My friends at East Shore,
Today is 9/11. A famous conservative pundit was assassinated. This school year, since August—47 school shootings have occurred in our country. And twelve colleges and universities have been shut down temporarily due to wide spread radicalized violent threats at these Historically Black Colleges and Universities.
Week after week, we are confronted with the grief and horror of gun violence, political violence, and school shootings. These tragedies are not abstract headlines; they pierce the human family. Each act of violence is an assault on the sacredness of life, our national camaraderie, a tearing of the social fabric, and a denial of our deepest religious truths.
Our faith, rooted in both Abrahamic and Dharmic traditions, teaches us that Love is not passive. Love is not silence. Love does not dwell in complicity. Love is fierce, demanding, justice-making. The prophets cry out: “What does the Lord require of you but to do justice, love kindness, and walk humbly with your God?” The Buddha teaches: “Hatred does not cease by hatred, but only by love; this is the eternal law, the Dhammapada.” These voices, across time and tradition, declare the same truth: Love is what justice looks like in public.
Humanists teach us that change must come from us, no one is coming to save us—and so we must forge a love that is not sentimental but demands that we act to protect the vulnerable, dismantle systems of harm, and seek justice in the public square.
When we center Love, we cannot be indifferent to a culture that prizes weapons over children, domination over democracy, fear over belonging, and profits over the cries of the people. Centering Love means resisting the normalization of violence in our schools, streets, and political life. It means lifting our voices, gathering the masses, voting with our conscience, and rising up to protect those who are most at risk.
Our faith does not allow us to retreat into despair. The prophets, sages, and saints remind us that violence will not have the last word. Love, lived fully and courageously, disrupts cycles of fear and plants seeds of peace, beaconing our aspiration, Beloved Community.
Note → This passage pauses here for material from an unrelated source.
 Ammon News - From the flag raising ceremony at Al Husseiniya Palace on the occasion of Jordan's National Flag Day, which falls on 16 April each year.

This is not a matter of politics—though politics might be a tool to get there. This is not a matter of capitalism, but capital might be a tool used to get there. I declare to you that it is a matter of faith. And faith will be the foundation of the road forward.
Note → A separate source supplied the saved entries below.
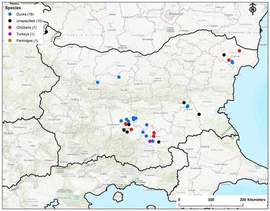 - PAFF Avian. PAFF Avian Influenza in Bulgaria; PAFF Avian: Bulgaria, Bulgaria, 2018. [Google Scholar]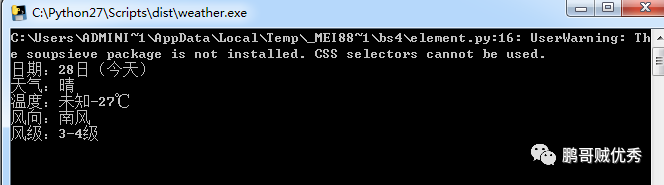 print(u"日期:{0} \n天气:{1} \n温度:{2} \n风向:{3} \n风级:{4}").format(date, weather, temp, wind, windnumber)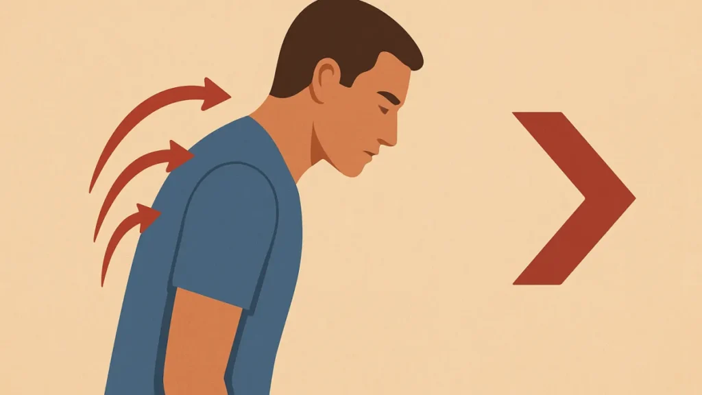 Isso costuma acontecer por repetição. O corpo aprende a postura que você mais usa. Se você passa o dia com braços à frente, tela perto do rosto e costas arredondadas, essa vira sua posição padrão.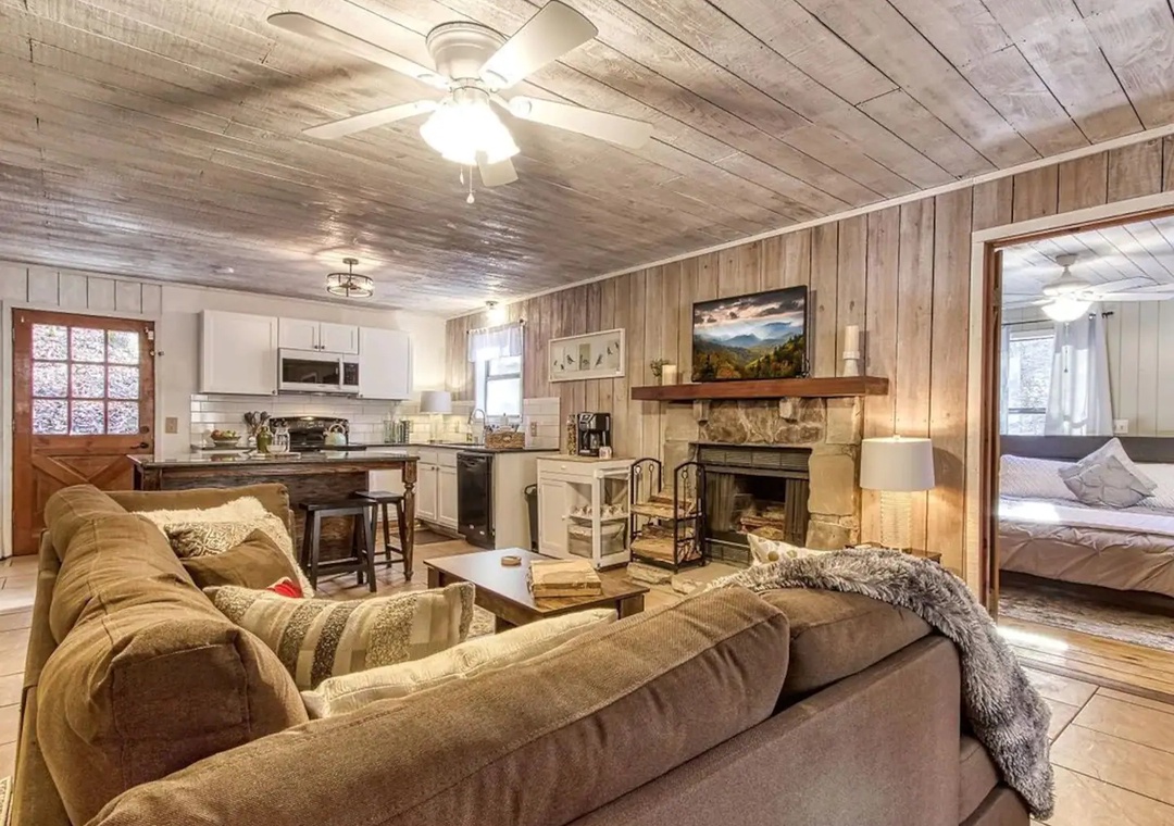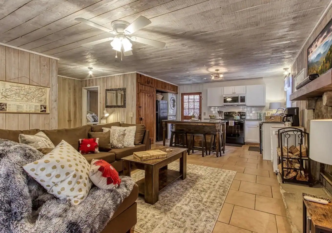This one-level home offers a spacious living area with a cozy stone fireplace, perfect for snuggling in the evening! With new cabin-chic décor, comfortable couches & furniture, 43" flat screen TV, work nook, and free Wi-Fi, you and your guests will be comfortable and relaxed the minute you arrive to Sleepy Bear.
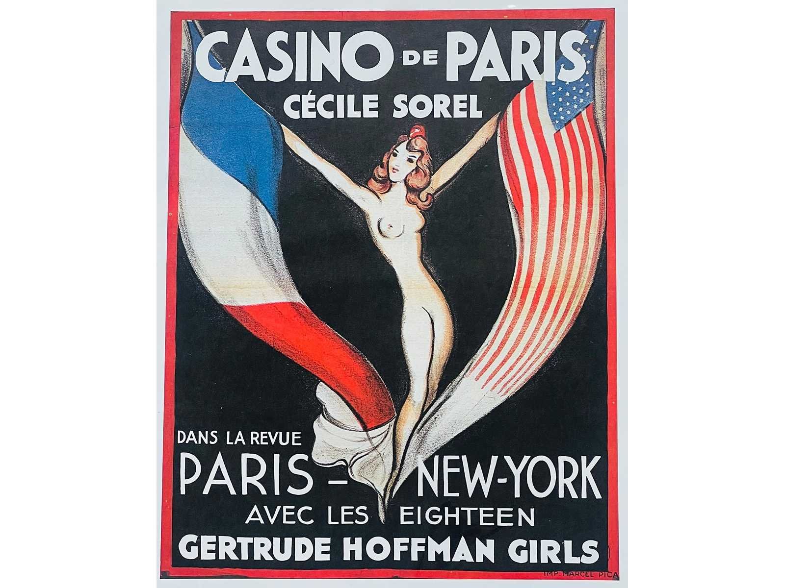 2 gekartonneerde en geplastificeerde affiches in fijne passe-partout: 1) Casino de Paris (Cécile Sorel) 2) Folies Bergère - afmeting 34x45,5 cm per affiche No Kunstenaar: Lot affiches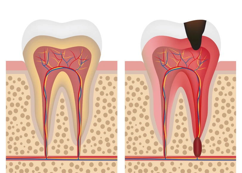 La carie profonde reste la cause la plus fréquente. Toutefois, d’autres facteurs peuvent également compromettre l’état de la pulpe :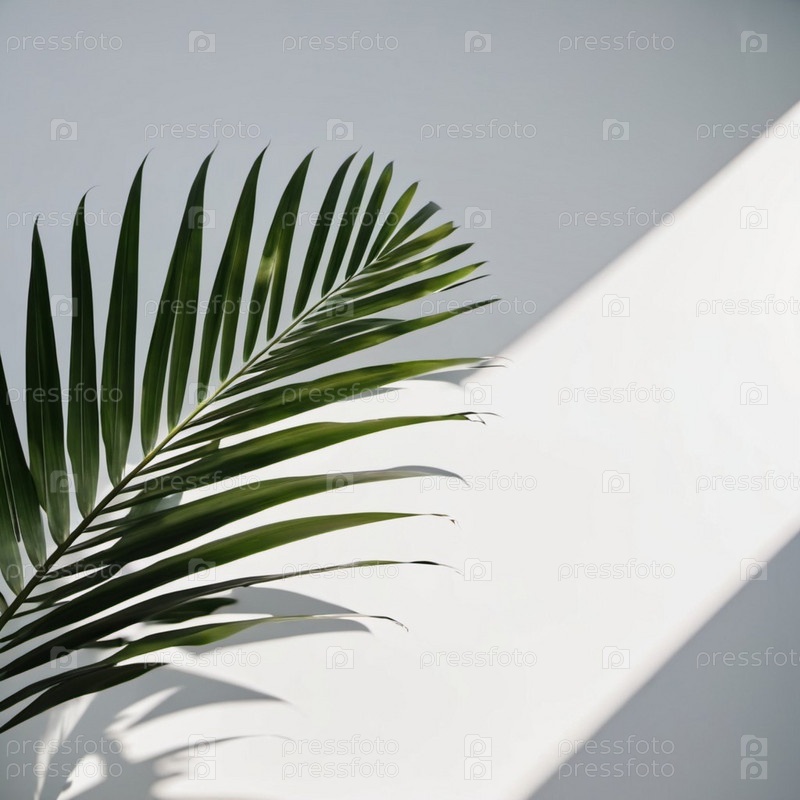 Размытая расфокусированная тень от пальмовых листьев на стене. Минималистичный красивый летний или весенний фон для презентации продукта. Тема путешествий и пляжного отдыха. Длинные узкие листья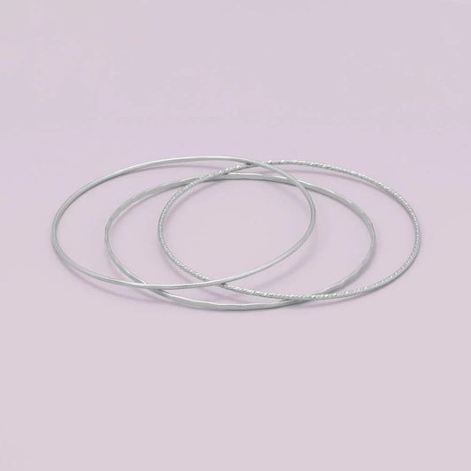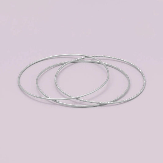 Flat Bangle Bracelet - Sterling Silver Stackable Minimalist Design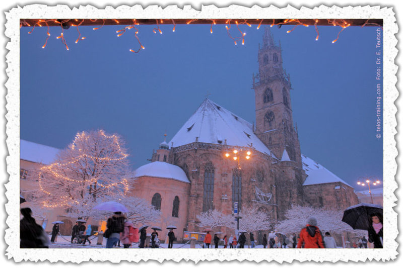 In der Zeit um Weihnachten überfällt uns gerne allgemeine Hektik. Muss nicht sein. Mit unseren Weihnachtskarten können Sie einen kleinen Gegenpol setzen. Bilder von Stille, Ruhe und Frieden. Eintauchen, freuen und träumen. Holen Sie sich hier gratis die heutige Weihnachtskarte und genießen Sie im Christkindlmarkt-geschmückten Bozen Dom, Schnee und Weihnachststimmung …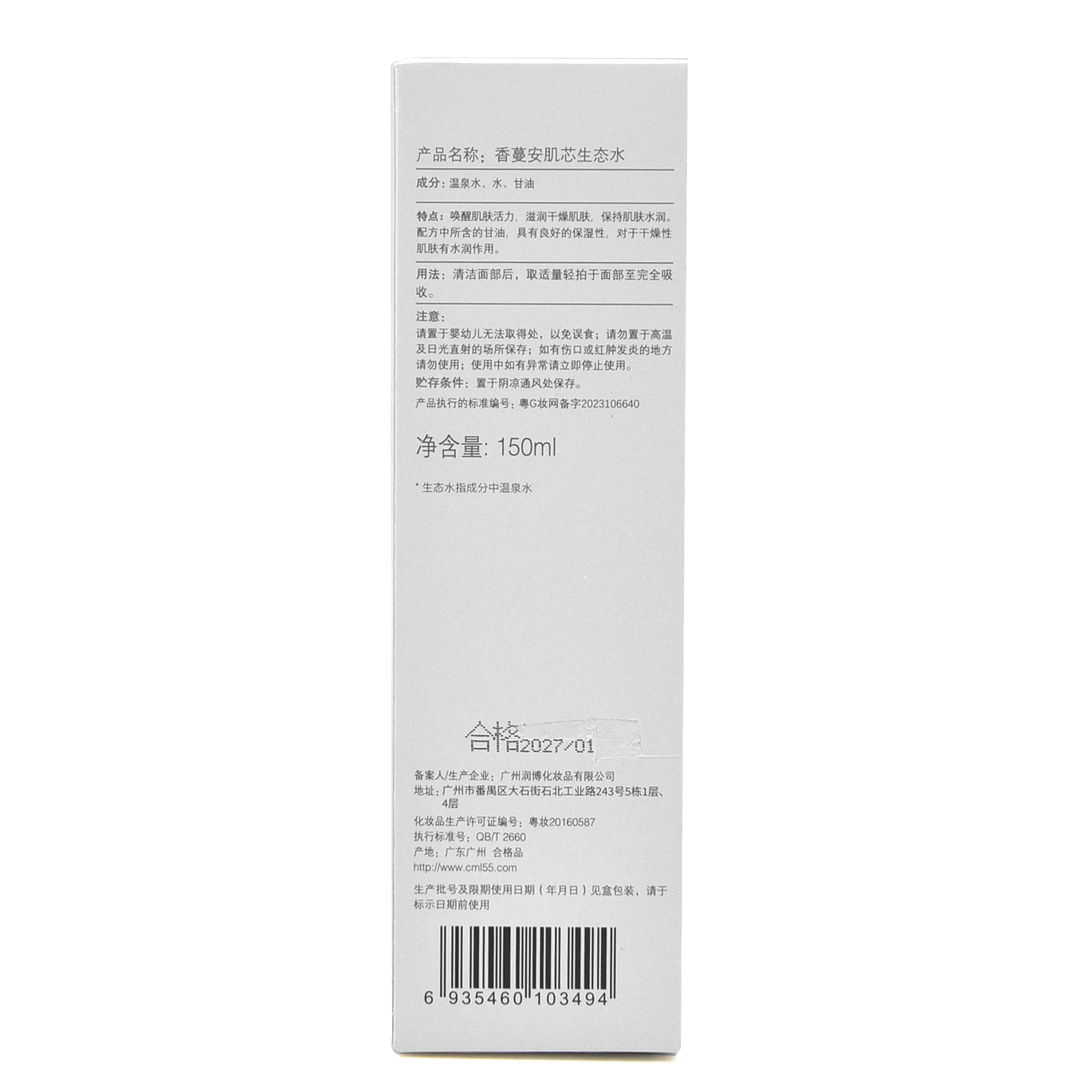 产品特点:唤醒肌肤活力,滋润干燥肌肤,保持肌肤水润。配方中所含的甘油,具有良好的保湿性,对于干燥性肌肤有水润作用。

When lives are on the line, neutrality is not holiness. Silence is not compassion. We are called to raise our voices, to organize, to vote, to march, to protect, to gather our siblings to mourn the loss of life, to demand that our laws and communities reflect Love instead of violence.
My dear aspiring Beloved community, let us not shrink from this call. Let us teach our children another way. Let us show up in the streets and at the ballot box. Let us refuse to be numbed into despair. The world aches for a Love that can heal and transform, and we are called to be its bearers.
For violence will not have the last word. Love will!
May our congregation be a place where Love is not only spoken but embodied—where we teach our children and our parents another way, where we work for policies that protect life, where we stand shoulder to shoulder with all who seek to end the epidemic of violence beyond partisan politics.
Wednesday, September 17 at 7:30pm we will gather at the Peace Pole to discern three next steps. I hope you’ll join us!
For in the end, to center Love is to say with our whole being: every child, every neighbor, every stranger has inherent worth and is precious and worthy of life without fear.